Exercise data Start Marker

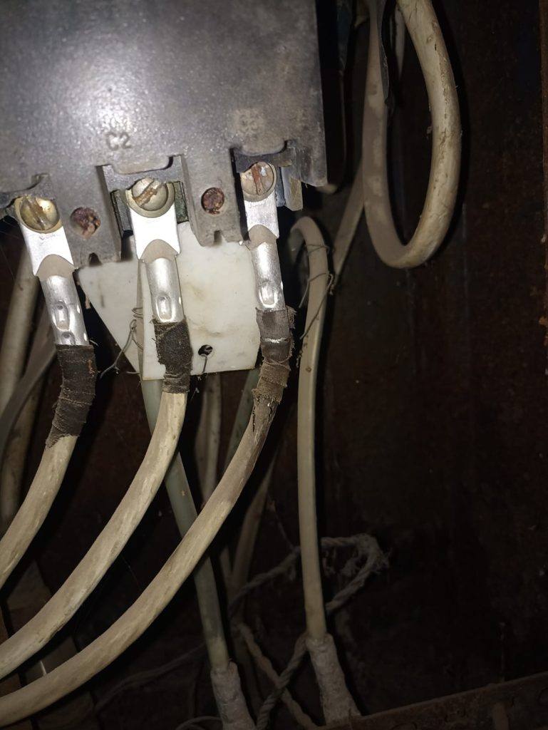 имееется автомат АЕ чёто там на 100 А, с раздолбанной резьбой на затяжной гайке и прожаренным от этого карболитом на корпусе, ну и потекшая изоляция на отходящей жилы фазы С, смысла восстанавливать не вижу, меняем чёрту, в наличии в магазинах имеется ВА 88-32, да и на соседний стояк я устанавливал такой же, поэтому решено -берём
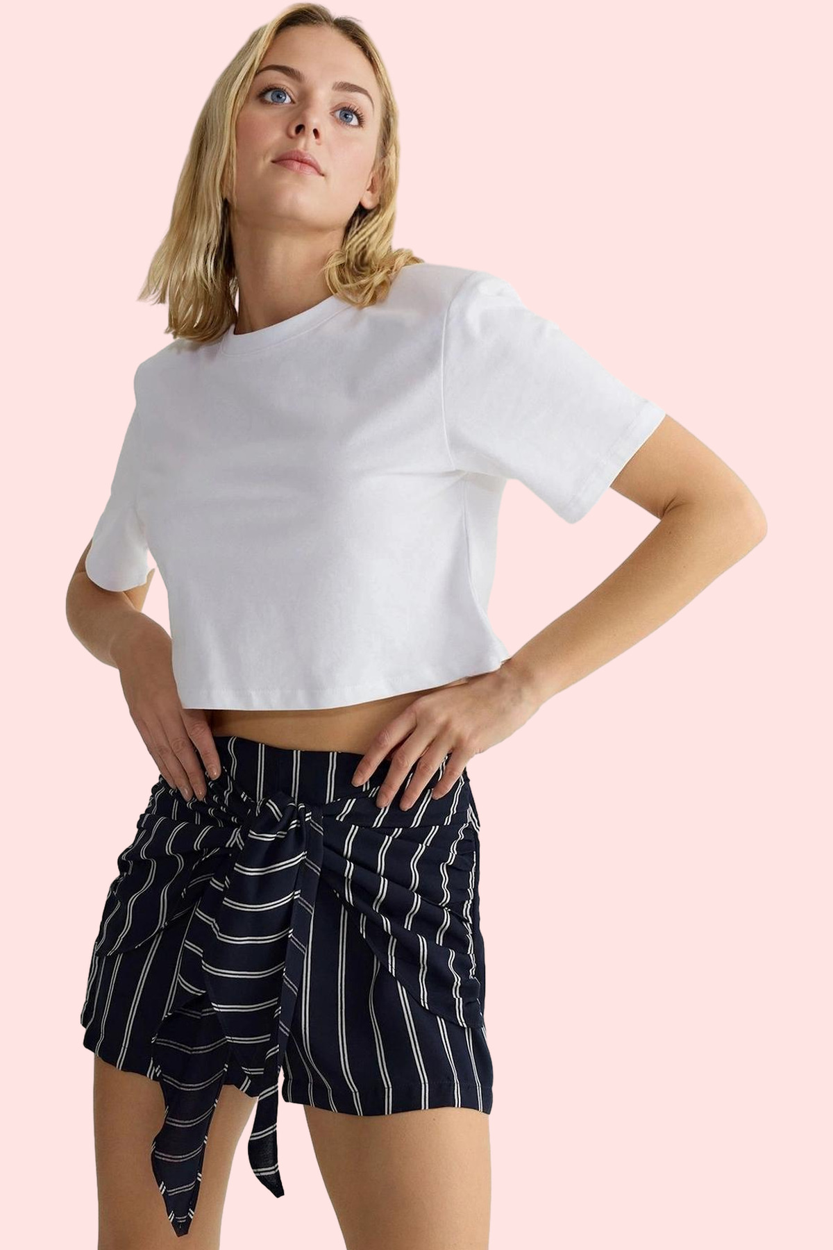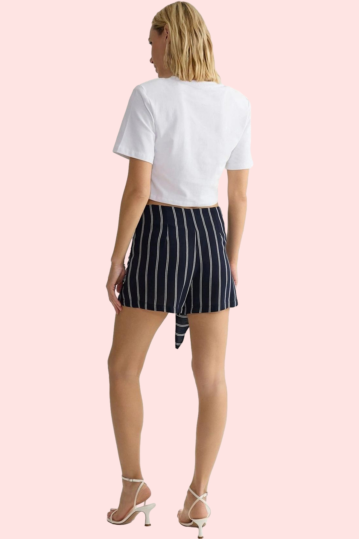 Dokuma kumaşı sayesinde oldukça dayanıklı ve uzun ömürlüdür. Yüksek bel tasarımıyla vücudunuzu saran şort, kusurları gizler ve sizi olduğunuzdan daha uzun gösterir. Bağlamalı detayı, şorta özgün ve dikkat çekici bir tarz kazandırır. Kemersiz tasarımı pratik kullanım sağlar ve kombinlerinizi daha da kolaylaştırır.
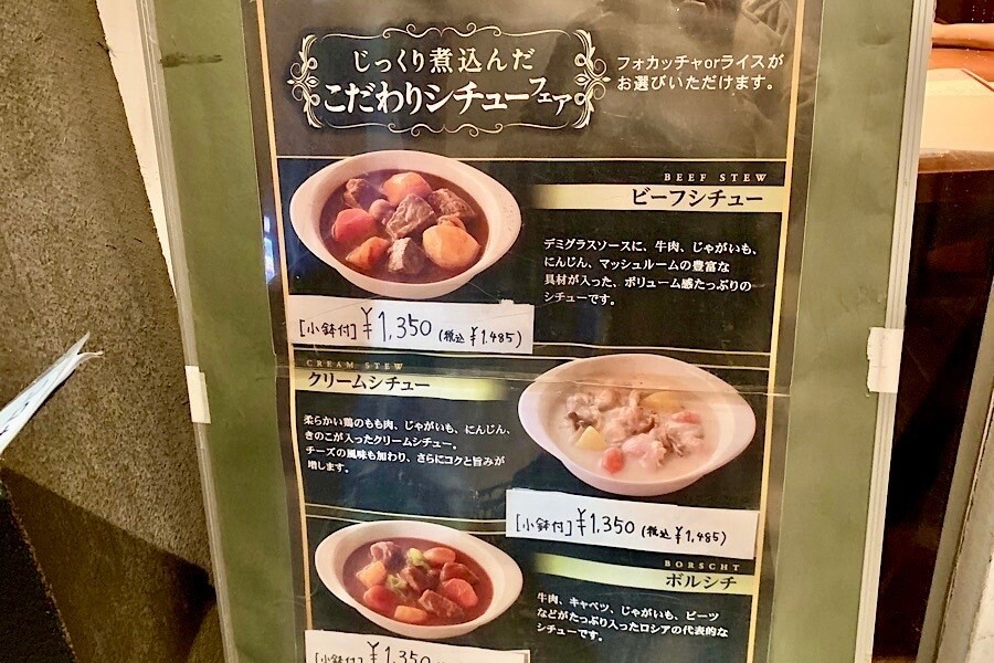 ビーフシチュー、クリームシチュー、ボルシチといったシチュー系も隠れた人気メニューで、常連さんはよく注文するのだとか。
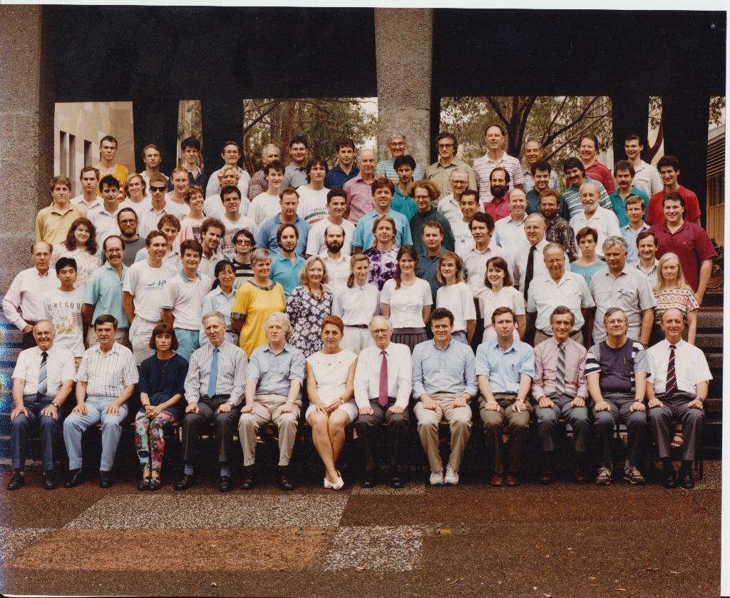 This photograph, taken in the undercroft of the Physics Annexe some time in 1992 shows staff (academic, technical and adminsitrative), and honours and postgraduate students.
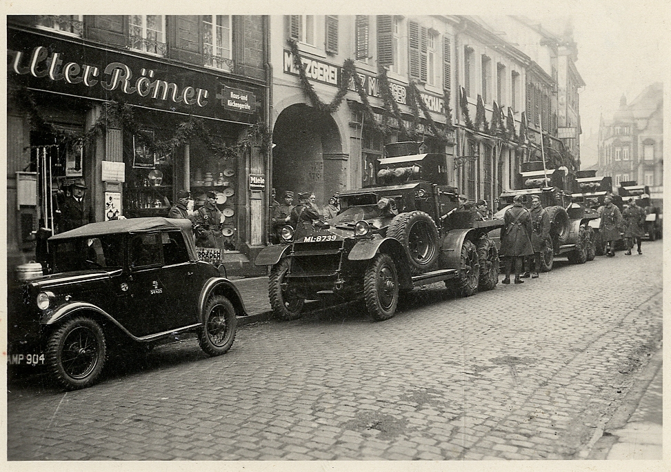 Engelsk pansarbilspluton i Merzig, vid I11:s förläggning.
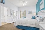 The master suite has an imposing king sized bed with wooden headboard, and matching sideboard, there are 2 bedside cabinets with lamps for bedtime reading.
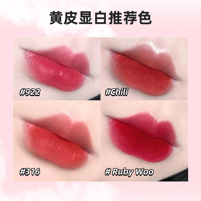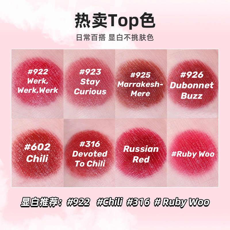 | Цвет: | Маленький перец#602 Chlil, Retro Zhenghong#70 Ruby Woo, Русский красный#612 русский красный, Hyuna#316 посвящена Chlil, Blues Strawberry Red#922 Werk Werk Werk, Peach oolong Color#923 оставайтесь любопытными, Марокканский красный коричневый#925 Марракеш просто, Роза Корова Кровь Браун#926 Дюбоннет Базз |
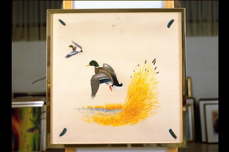 | Deskribapena: | Exposición Técnica: Tintas Materia-soporte: Seda Ánades reales en vuelo. Firmado en ángulo inferior izquierdo. |

Exercise data End Marker

- _Exercise objective_
Retype the data above exactly; pictures are not part of the copy.

- _Completed exercise_
 имееется автомат АЕ чёто там на 100 А, с раздолбанной резьбой на затяжной гайке и прожаренным от этого карболитом на корпусе, ну и потекшая изоляция на отходящей жилы фазы С, смысла восстанавливать не вижу, меняем чёрту, в наличии в магазинах имеется ВА 88-32, да и на соседний стояк я устанавливал такой же, поэтому решено -берём
 Dokuma kumaşı sayesinde oldukça dayanıklı ve uzun ömürlüdür. Yüksek bel tasarımıyla vücudunuzu saran şort, kusurları gizler ve sizi olduğunuzdan daha uzun gösterir. Bağlamalı detayı, şorta özgün ve dikkat çekici bir tarz kazandırır. Kemersiz tasarımı pratik kullanım sağlar ve kombinlerinizi daha da kolaylaştırır.
 ビーフシチュー、クリームシチュー、ボルシチといったシチュー系も隠れた人気メニューで、常連さんはよく注文するのだとか。
 This photograph, taken in the undercroft of the Physics Annexe some time in 1992 shows staff (academic, technical and adminsitrative), and honours and postgraduate students.
 Engelsk pansarbilspluton i Merzig, vid I11:s förläggning.
 The master suite has an imposing king sized bed with wooden headboard, and matching sideboard, there are 2 bedside cabinets with lamps for bedtime reading.
 | Цвет: | Маленький перец#602 Chlil, Retro Zhenghong#70 Ruby Woo, Русский красный#612 русский красный, Hyuna#316 посвящена Chlil, Blues Strawberry Red#922 Werk Werk Werk, Peach oolong Color#923 оставайтесь любопытными, Марокканский красный коричневый#925 Марракеш просто, Роза Корова Кровь Браун#926 Дюбоннет Базз |
 | Deskribapena: | Exposición Técnica: Tintas Materia-soporte: Seda Ánades reales en vuelo. Firmado en ángulo inferior izquierdo. |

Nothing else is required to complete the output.